The last story of It’s About Impossible Crime (2025) is coming along and I’m making notes for the final edits on the other four. I like this short story process, i.e. writing a story and then putting it aside to work on another one. It’s good to step away and return with fresh eyes. There’s a clue I forgot to plant in Cue Murder that greatly improves the reveal and the mention of a certain someone in Instrument of Death had to be eliminated to help obscure the solution.
The Preminger Curse has become fun to write. I had to finalize the characters and their motives so their interactions made sense. I also had to make a map of the mansion — at least the first floor — in order to create the opportunities for murder. I’m chugging along at a faster pace.
And yes, I have begun to think about the cover. I originally wanted to do a noirish cover ala the Jim Thompson reprints in the early 90s. I liked the idea of using a photograph.


Now, I’m leaning away from that. One of the influences on this book was MacKinlay Kantor’s It’s About Crime (obviously).
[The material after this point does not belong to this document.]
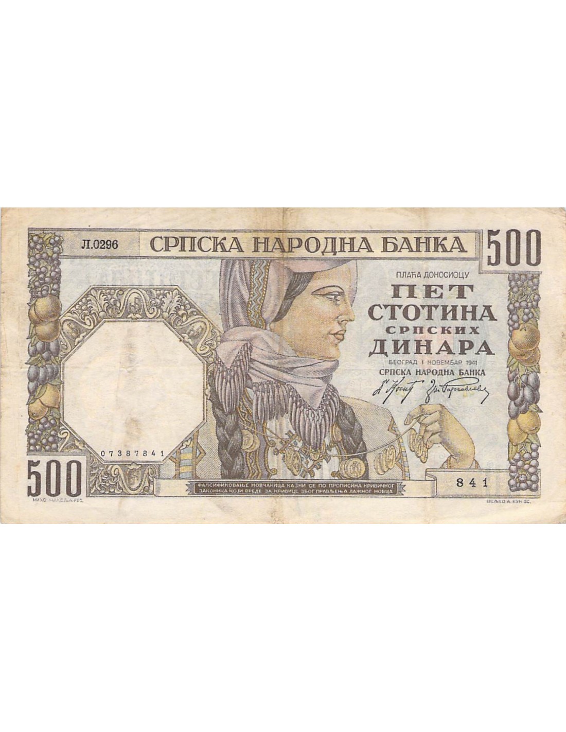 SERBIE, ALEXANDRE Ier - 500 DINARA 01/11/1941

I may go for something subtly retro.


This is where my thoughts are at the moment. I’ve got other vague notions, including turning Cue Murder! into a radio play. That might be too ambitious at this late stage. It could be cool though.
I’ve already given synopses of the stories, but not altogether. Here they are:
It’s About Impossible Crime
1. Silent Steps of Murder
In the dead of a Chicago winter, Detective Rowan Manory and his loyal assistant Walter Williams stumble upon a brutal murder—Veronica Hart, slain in her apartment. But when the only footprints in the snow belong to the police, Rowan’s sharp mind begins to unravel a tangled web of infidelity, deception, and desperation. In a city where someone is always watching, justice is a matter of perspective—and Rowan never misses a detail.
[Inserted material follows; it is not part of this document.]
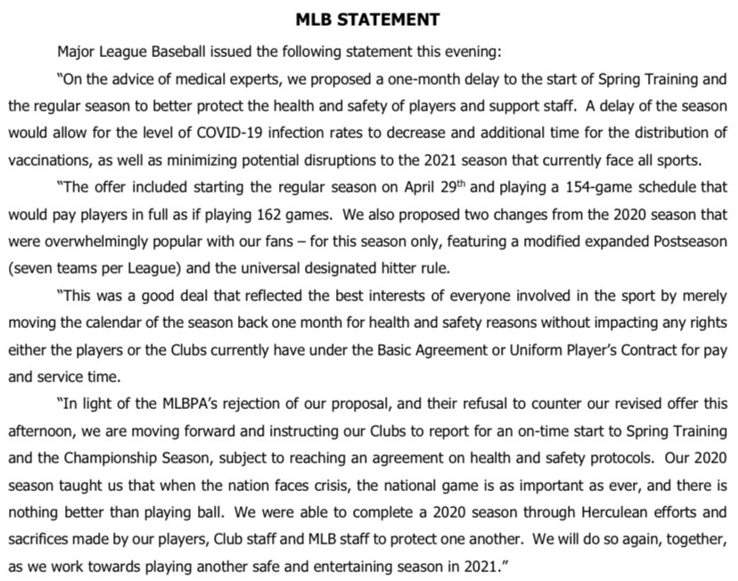 MLB on Friday proposed to the union a 154-game schedule with full pay, delayed by a month and extended by a week, sources say. Also, with expanded postseason. Union considering.

2. Where There’s Smoke, There’s Pazuzu
A man is found burned and butchered in a locked room—his body torn apart . No one entered, no one left, and when the fire department broke down the door, the room was empty. The only clue? A whispered warning over the telephone, a name pulled from ancient nightmares: Pazuzu. Rowan Manory doesn’t believe in demons, but as he follows the trail of a curse that should be impossible, even he starts to wonder—what if this time, the devil is real?
3. Instrument of Death
When a renowned psychic warns Violet Reynolds that she will be murdered, she tries to dismiss it—until her friend is found strangled, a cryptic clue left behind. As more bodies fall, the killer moves methodically, relentlessly toward her. Trapped in a failing marriage with nowhere to turn, she feels the noose tightening, but every attempt to escape only draws her closer to death. Is fate guiding the killer’s hand, or is someone pulling the strings? With time running out, Detective Rowan Manory must untangle the mystery before Violet becomes the next victim.
4. The Preminger Curse
When a series of mysterious deaths strikes the storied Preminger family, private detective Rowan Manory and his partner Walter Williams are summoned to a decaying Southern Illinois mansion, isolated by floodwaters and choked in swamp. The Premingers believe they are haunted by a generational curse—one that drives a single heir mad with murderous intent. Now, with the family gathered for the reading of a cryptic will, and the estate cloaked in shadows and secrets, someone begins to kill again. Trapped in a crumbling house where no one is safe and nothing is as it seems, Rowan must race to uncover the truth behind the Preminger curse… before the madness claims them all.
5. Cue Murder
Two men hear a murder from the apartment downstairs—but when they arrive, the door is locked, the body is cooling, and the only two people nearby insist they’re innocent. The suspects seem obvious, yet in a room full of grudges, everyone had a reason to want the victim dead—even the witnesses. Somewhere in the swirl of alibis and accusations, a single conversation will reveal the truth—if anyone is clever enough to catch it.